Tier 1: The carrot 🥕
Speak with the worst offenders, letting them know that we know they're account sharing and informing them of the inherent risks and downsides (that this is against our terms of service, that it messes up the history within their account, that it can compromise security).
Tier 2: The slightly inconveniencing carrot 🥕
If the polite nudging from tier 1 doesn't work, we wait for our system to flag that there are too many people accessing an account simultaneously and we force a password reset. It's easy for people to get around, but gives enough inconvenience to show that hey, we weren't kidding about this "breaking our terms of service" thing. Please cut it out.

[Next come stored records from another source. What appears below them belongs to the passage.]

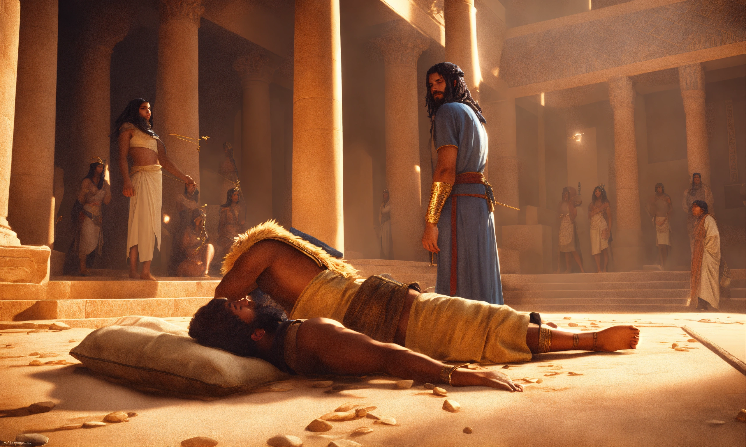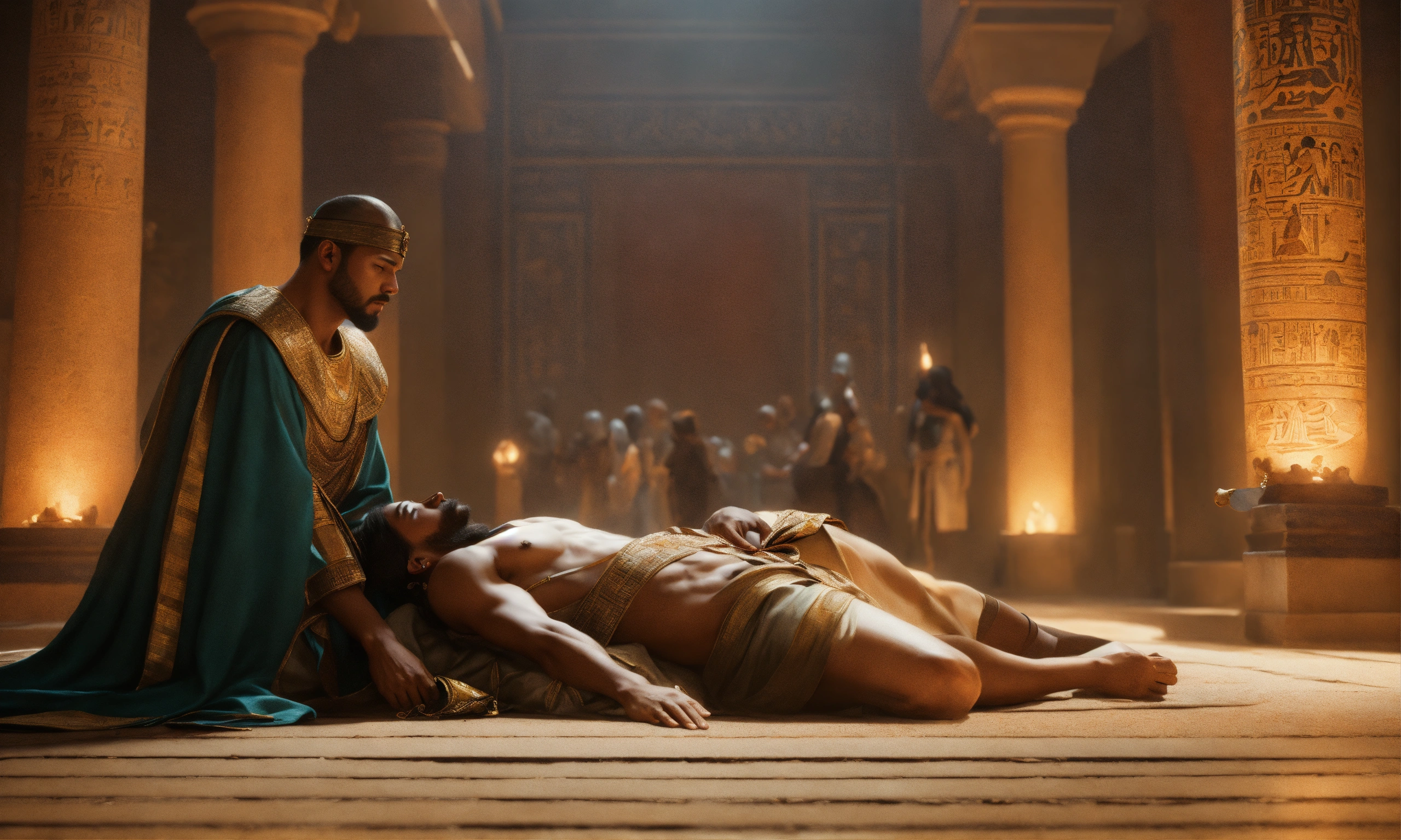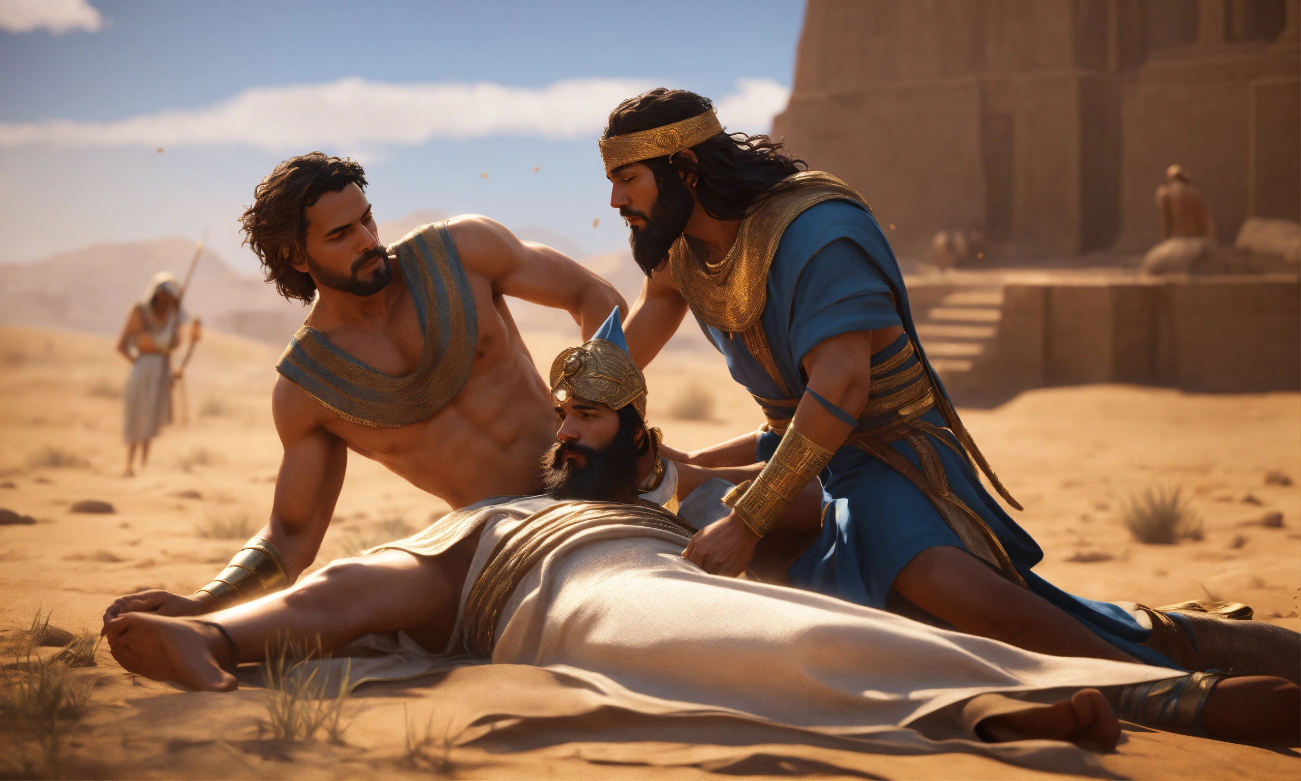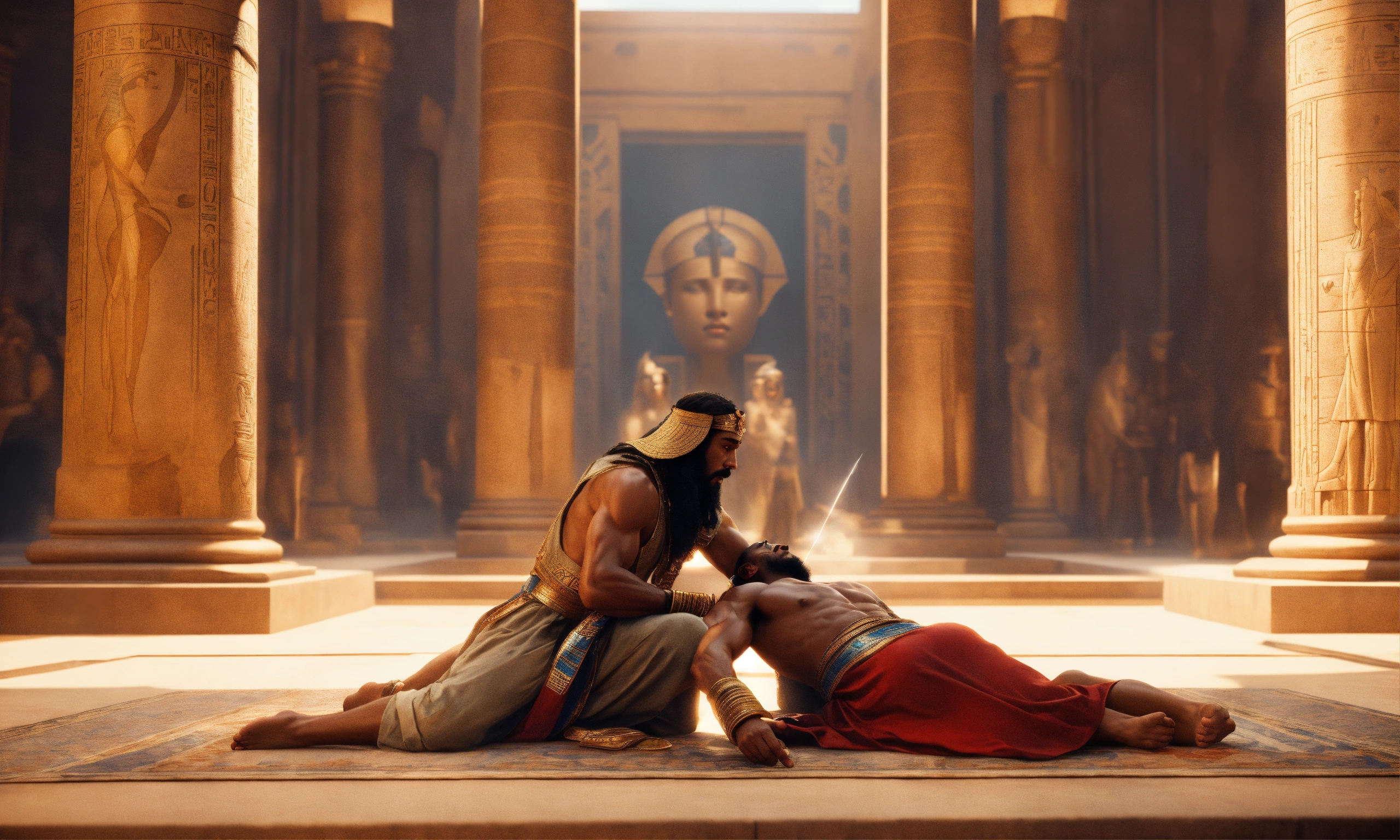 Moses doesn't let the man hit his brother, who is lying on the ground, in ancient egypt, cinematic lighting, complex, elegant, super highly detailed, art station, concept art, smooth, sharp focus, no blur, no dof, illustration extreme, unreal engine 5, photorealism, hd quality, 8k resolution, cinema 4d, 3d, beautiful, delicate, art by artgerm and greg rutkowski and alphonse mucha and loish and wlop
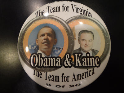 Title (ebay affiliate link): Barack Obama Kaine Jugate Campaign Button RARE Martinsville Virginia VA 3 1/2"
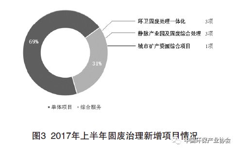 從2017年上半年環(huán)保上市公司披露的項目來看,42個固廢處理項目中,35個單體項目,投資總額97億元;7個綜合項目投資總額43億元。其中,環(huán)衛(wèi)固廢處理一體化項目3個,固廢綜合處理及靜脈產(chǎn)業(yè)園建設(shè)3個。以中國天楹中標(biāo)的寧夏固原市循環(huán)經(jīng)濟產(chǎn)業(yè)園及環(huán)衛(wèi)一 體化項目為例,該項目披露總投資15億元,包含生活垃圾焚燒發(fā)電BOT項目(30年)、餐廚垃圾處置BOT項目(30年)、污泥干化BOT項目(30年)、建筑垃圾循環(huán)利用項目(30年)以及城鄉(xiāng)環(huán)衛(wèi)一體化項目(30年)。 2017年上半年固廢治理新增項目情況如圖3。
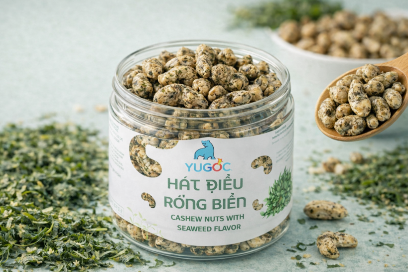 YUGOCの商品に「カシューナッツ・海苔」フレーバーが登場。潮の香り漂うカシューナッツは子供からお年寄りまでおいしくお召し上がりになれます。
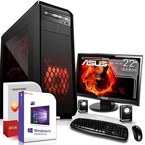 - Zum Lieferumfang gehören außerdem: Ein 22 Zoll ASUS VS228NE LED FULL HD Bildschirm und eine Tastatur / Maus / Boxen - Kombination.
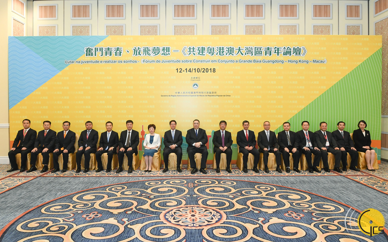 行政长官崔世安与来澳出席“奋斗青春、放飞梦想—共建粤港澳大湾区青年论坛”的嘉宾及大湾区城市政府领导合影。
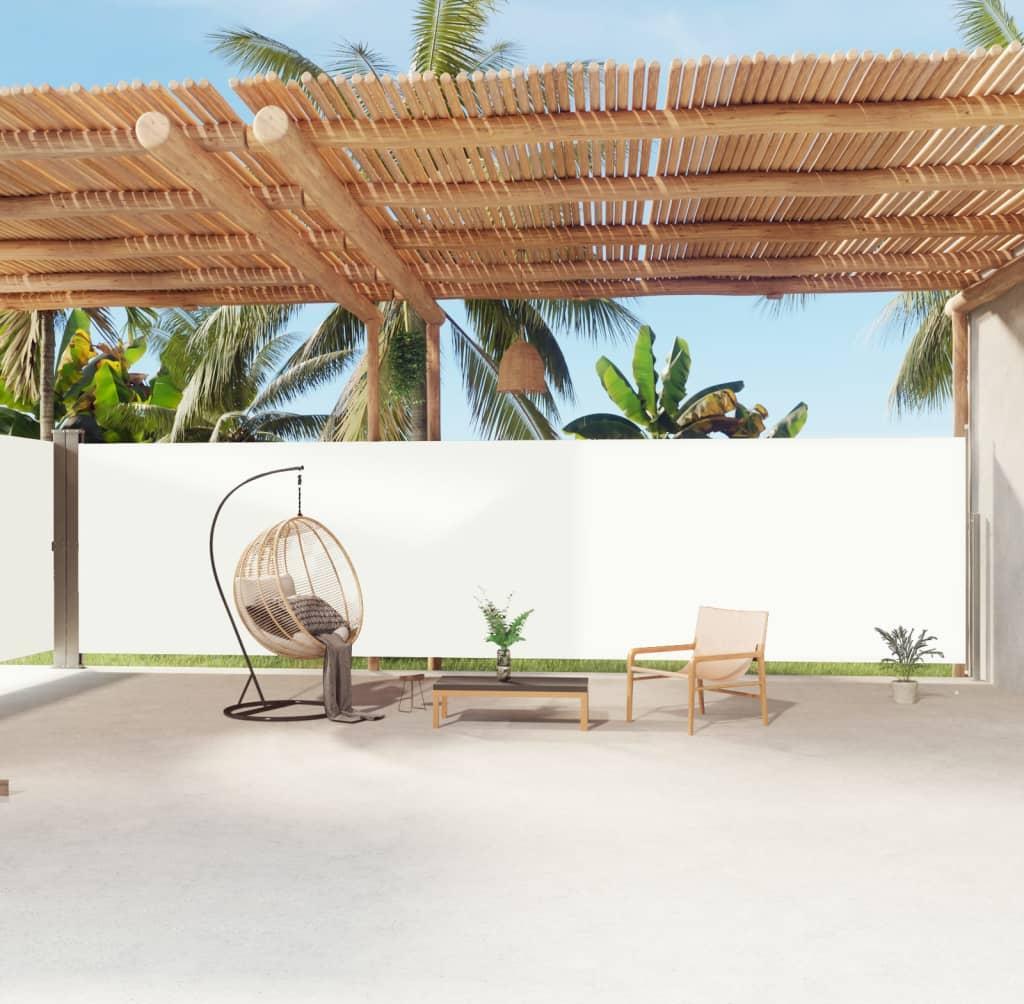 Ta ogrodowa markiza boczna o dużej powierzchni stanowi skuteczny sposób na rozprawienie się z ciągłym wiatrem i nisko położonym słońcem oraz zapewnienie sobie prywatności.
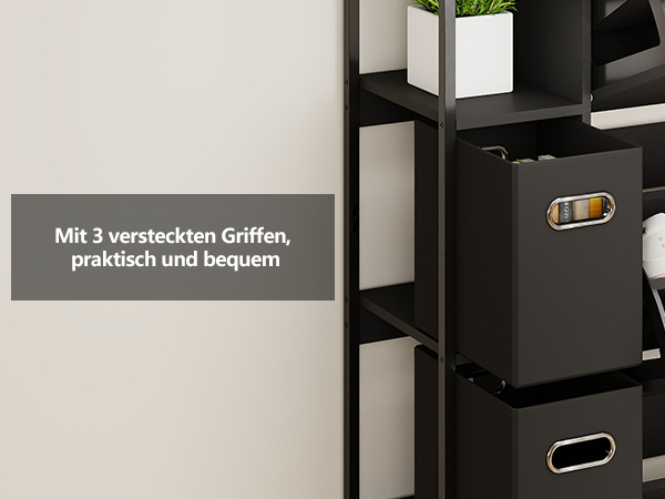 • Drei Schubladen: Dieser Schuhschrank bietet drei offene Regalfächer. Jedes Fach enthält eine herausnehmbare Stoffschublade. Flexibler Stauraum für Ihre wichtigsten Alltagsgegenstände.

Tier 3: The full-metal carrot 🥕
If those doing the account sharing continue to ignore our warnings and don't respond to our emails to work something out in good stead, we put on our big-boy pants.
As a last resort, we:
- Start resetting passwords every time we see too much simultaneous activity
- Suspend their account
- Force 2FA/SSO
Honestly? Sort of. We had the carrot conversation with a few accounts and some of them made allowances by paying for additional seats or pinky-promising not to account share again. Others were less cooperative, so we're in the process of making a go of the tier 2 response, which is proving a bit trickier than expected. I'll update this post with the results once we have them.
For now, I'll reset my Netflix account and politely mention to my aunt, colleague, and the barista at my favourite coffee shop that it might be time they get their own.
I'd love to hear your perspective on this. Have you dealt with this? Do you see it as a problem? Should we just let it go? Is this all a capitalist scheme to help us fill our swimming pool with coins?